As film came in and pictures went out, Reger's crew also posted images to NATO's home page at www.nato.int and to the U.S. Information Agency NATO anniversary home page at http://www.nato50.gov. They e-mailed and file-transferred photos to media outlets at home and abroad. Media customers equipped with pocket-sized, high-capacity diskettes could simply walk away with the photos they sought.
The summit was an exciting, learning experience for the American airmen new to the fast-paced, high-profile, international scene, Reger said. Since the Bolling photo lab supports all the Air Force needs in the metropolitan Washington area, he said, his people are used to being around high-ranking folks.

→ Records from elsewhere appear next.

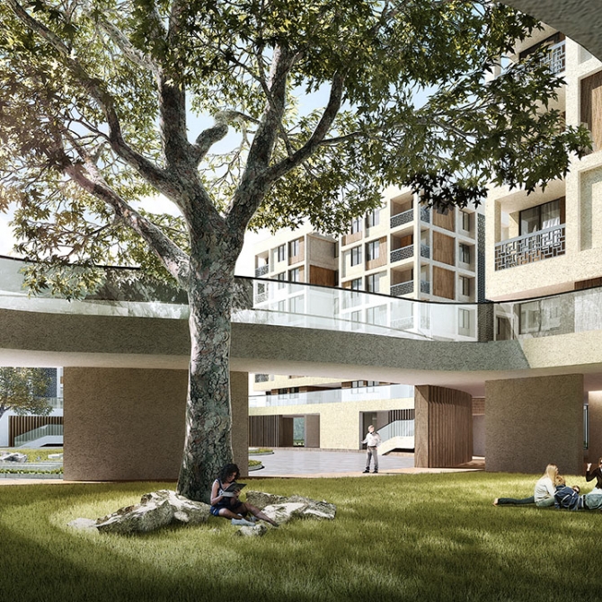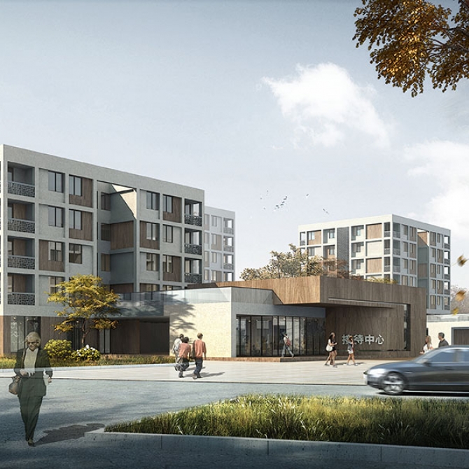 項(xiàng)目位于天津市西青區(qū)天津師范大學(xué)新校區(qū)內(nèi),總建筑面積12500平方米,滿(mǎn)足380位留學(xué)生入住。本案位于校園北側(cè),其主要人流來(lái)自南側(cè)教學(xué)區(qū)和生活區(qū)。廣場(chǎng)出入口處設(shè)接待中心,醒目便捷。廣場(chǎng)內(nèi)部實(shí)行人車(chē)分流,僅允許行人和非機(jī)動(dòng)車(chē)進(jìn)入,行人亦可通過(guò)首層架空灰空間到達(dá)校園主環(huán)路及校園濕地景觀。優(yōu)美弧線(xiàn)的室外觀景平臺(tái),宛如一條紐帶將錯(cuò)落有致的宿舍有機(jī)聯(lián)系到一起,內(nèi)側(cè)形成一個(gè)半圍合的景觀庭院。本案采用白色和仿木紋水泥纖維板作為建筑外檐材料。通過(guò)簡(jiǎn)潔的白色骨架,木色和白色相間的建筑墻面的設(shè)計(jì)元素和手法,體現(xiàn)中式匠心獨(dú)運(yùn)的文化內(nèi)涵。
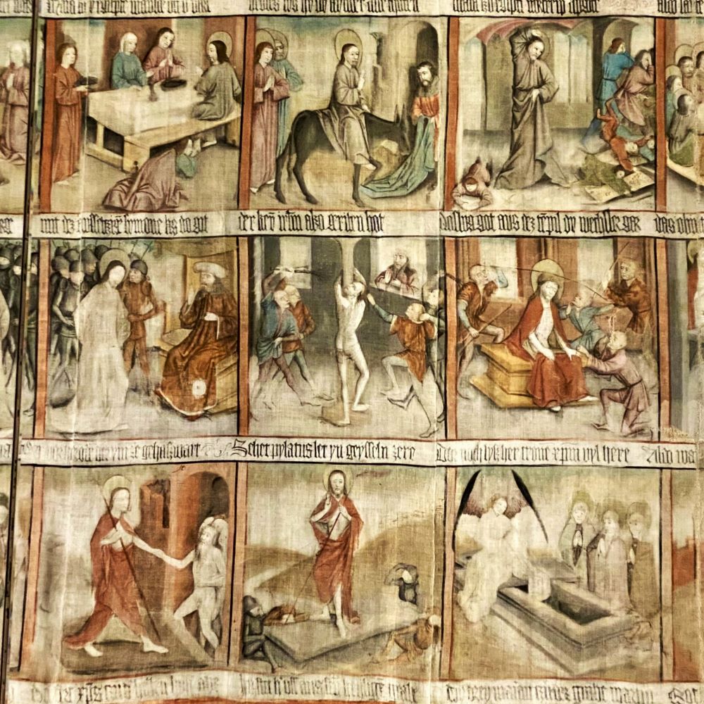 Für die Nicht-Katholiken: Mit Fastentüchern (auch Hungertücher genannt) wurde früher während der Fastenzeit der Altarraum in den Kirchen abgehangen. Neben dem obligatorischen Nahrungsverzicht, sollte sich die Gemeinde in dieser Zeit somit auch im visuellen Verzicht üben. Die Heiligtümer der Kirche waren wochenlang nicht zu sehen und der Gottesdienst konnte ausschließend hörend verfolgt werden. Vor über 500 Jahren scheint das ein krasser Entzug für den gemeinen Gläubigen gewesen zu sein. Na ja, die lebten halt auch in einer Welt, in der die Heilige Messe am Sonntag der Höhepunkt der Woche war. Arme Schweine.
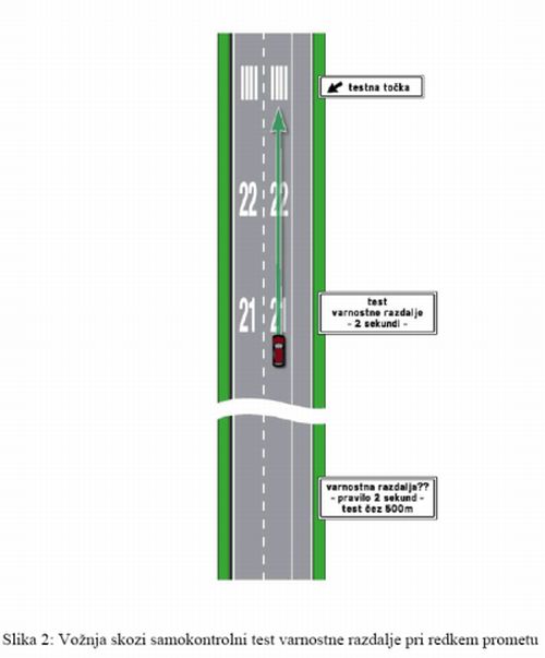 Na Ministrstvu za promet je bil danes, 10. septembra 2009, predstavljen t. i. dvosekundni samokontrolni test, s katerim lahko vozniki na slovenskih avtocestah že preizkusimo, ali vozimo na zadostni varnostni razdalji.
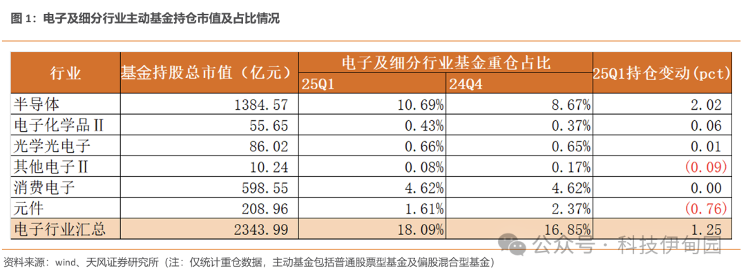 25Q1 电子行业基金持仓总市值约2344亿,占比18.09%,环比24Q4提升1.25pct,细分板块中半导体持仓占比显著提升,消费电子保持稳定,元件板块有小幅下降。其中半导体/ 电子化学品/光学光电子/其他电子/消费电子/元件持仓占比分别达到10.69%/0.43%/0.66%/0.08%/4.62%/1.61%,环比提升 2.02/0.06/0.01/-0.09/0/-0.76pct。基金统计范围为以主动基金为主,包括普通股票型基金及偏股混合型基金,相关持仓为重仓持股数据(下同)。
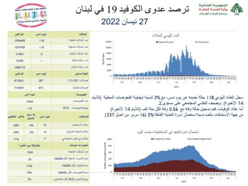 أعلنت وزارة الصحة العامّة في تقريرها اليومي حول مستجدات فيروس كورونا اليوم الأربعاء, عن “تسجيل 118 إصابة جديدة بكورونا (118 محلية و0 وافدة) ليصبح العدد الإجمالي للإصابات 1096648”.
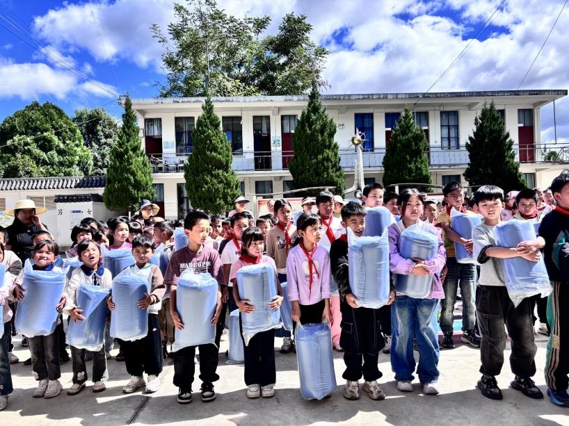 远山环抱中的校园里,新床垫整齐铺陈。这份跨越千里的关爱,不仅改善了乡村学子的住宿条件,更在他们心中播下感恩的种子。
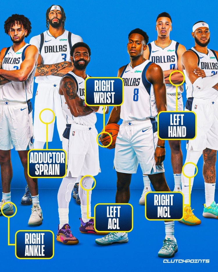 圖中的傷病具體為:萊夫利(右腳踝)、濃眉(腹股溝)、歐文(左膝蓋前十字韌帶)、普羅斯珀(右手腕)、??怂_姆(左臂)、華盛頓(右膝內側韌帶)。
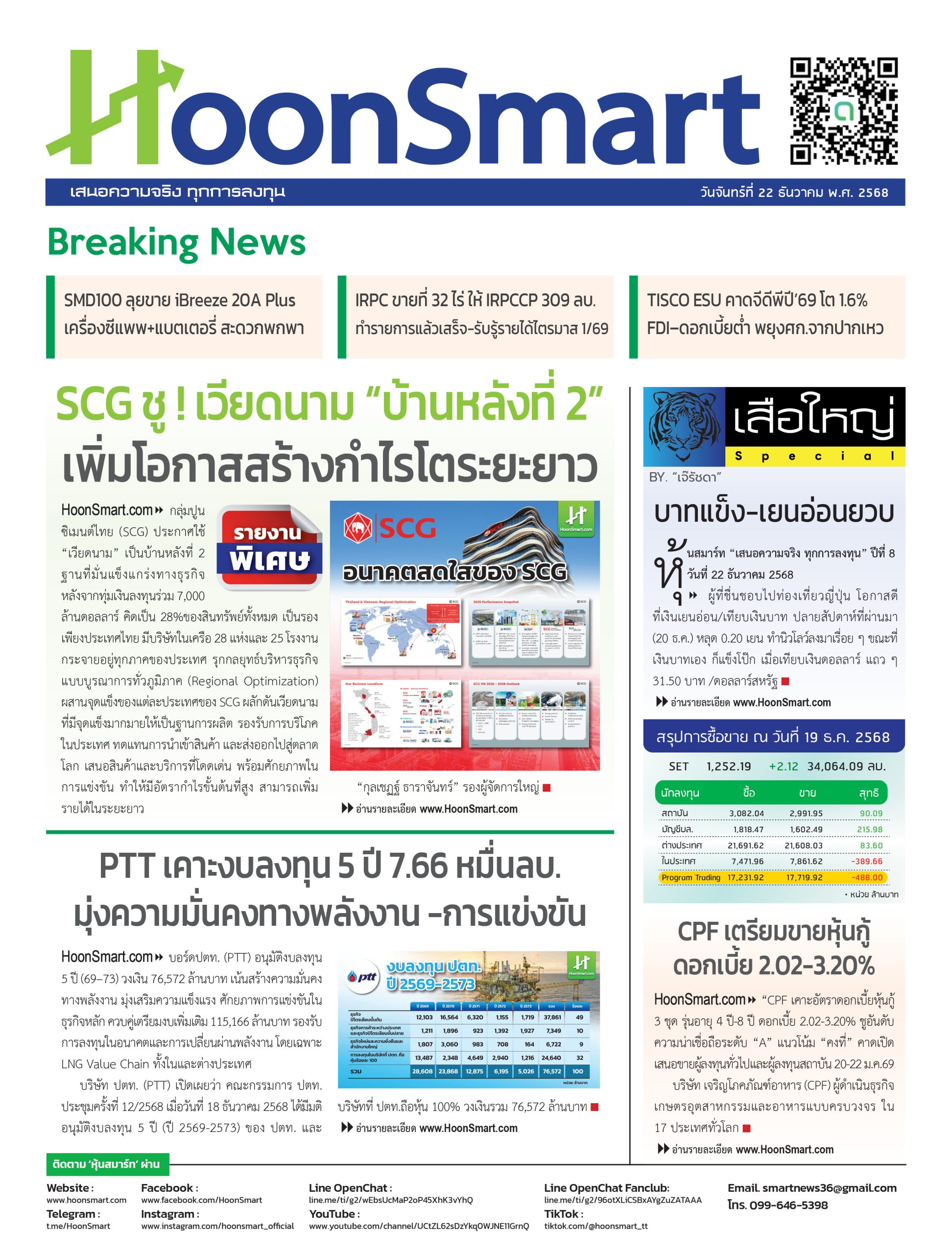 หนังสือพิมพ์ HoonSmart ปีที่ 8 ฉบับวันที่ 22 ธ.ค. 2568 21/12/2025 13:1521/12/2025 02:43Ple HoonsmartBreaking NewsExclusive News Facebook iconFacebookTwitter iconTwitterLINE iconLine

"But they've never worked an event of this magnitude where the deadlines and turn-around are that quick. The goal is, by the time we go home in the evening, we want that day's work completed," Reger explained. "Everything is pretty much Priority 1. Most of the work we've done has been ready to go back out to the media in four hours or less."

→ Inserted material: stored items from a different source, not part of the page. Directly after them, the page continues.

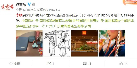 如今李铁的形象很显然不是很好,这也让一些合作伙伴被连累,其中李铁多次发的自己喝茶的产品,这家赞助商11月18日发文称:“李铁要火的节奏吗?世界杯还有没有奇迹?几乎没有人相信会有奇迹!好好喝茶吧。”
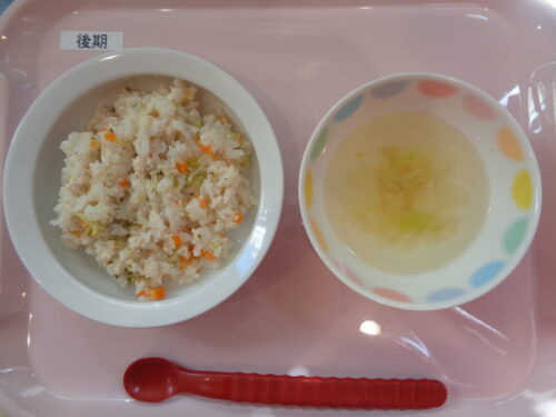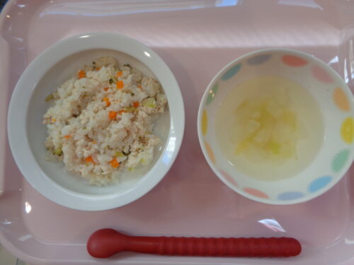 2024.09.18 給食写真 9月18日 給食 【普通食】 ・豚丼 ・ブロッコリーの中華和え ・春雨スープ 【中期食】 ・鶏ぞうすい ・白菜の中華スープ 【中期食】 ・鶏ぞうすい ・白菜のスープ 一覧へ戻る
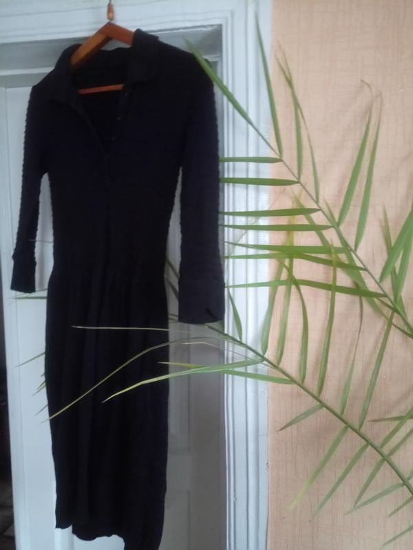Трикотажне плаття під поясок від Mango. Цікавий дизайн, насичений чорний колір. Рукав 3/4 Плечі 34 ПОГ 37 ПОТ 33 ДИ 94 Добре тягнеться. У чудовому стані, без нюансів. Верх букле, низ тонкий гладкий трикотаж. Маркувальні етикетки всередині виробу зрізані.
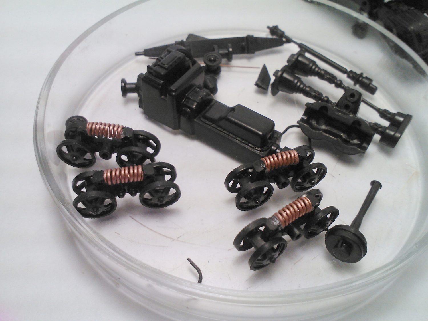 Сами каретки, также детализировал: срезал пластиковые литые пружины, заменил на витые из медной проволоки:
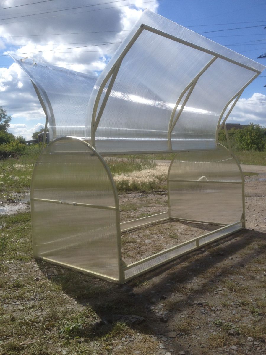 В основе парника - надежный каркас из профильных труб квадратного сечения. Покрытие изготавливается из сотового поликарбоната - теплоизоляционного светопрозрачного материала, известного своей прочностью и надежностью.

Staff Sgt. Scott Ash, from Croton-on-Hudson, N.Y., was among the seven noncommissioned officers and one DoD civilian on Reger's team. The 11-year veteran still photographer said the summit was his first head-of-state-level event.
Ash said his days lasted from about 7 a.m. until 1 or 2 a.m. The first day, he said, he pulled a night shift, scanning negatives throughout the night in the temporary lab at the Reagan International Trade Center in downtown Washington.
"The vocabulary, the accents -- I feel like I'm in Europe," he remarked. Most customers, he said, particularly the foreign visitors, were pleased with the lab's service. "Working with the NATO staff in this environment was really dynamic," he said. "Hours felt like minutes."
Kodak representative Pat Nugent said he was chosen because of his military background. The national account manager for photojournalism and commercial imaging at Kodak's Professional Division is a retired Air Force photojournalist and 1985 graduate of the Navy's Advanced Photojournalism Program at Syracuse [N.Y] University. He served in Germany, covering Europe, North Africa and the Middle East.
Nugent recalled that his last big military photo project was covering U.S. deliveries of food and medicine following the breakup of the Soviet Union. "We did 65 missions into the new 18 states," he said. "I took a whole electronic imaging center to Rhein-Main Air Base [Germany] and we based out of there for seven weeks."
During Desert Shield, Nugent was a senior photo editor at the Pentagon. "I took an electronic imaging center to Gen. [Norman] Schwarzkopf as well during Desert Storm." Kodak selected him for the summit project, he said, because "I can talk the military side and the corporate side. It makes things run a lot smoother."
The other Bolling team members were Tech Sgt. Mark Suban of Corpus Christi, Texas; Tech Sgt. Andrea Faison of Camden, N.J.; Staff Sgt. Joan Anderson-Brown of St. Petersburg, Fla.; Staff Sgt. Bradley Cerka of Colo, Iowa; Senior Airman Jennifer Gangemi of Aberdeen, Md.; and Tamika Mccory, from Alexandria, Va.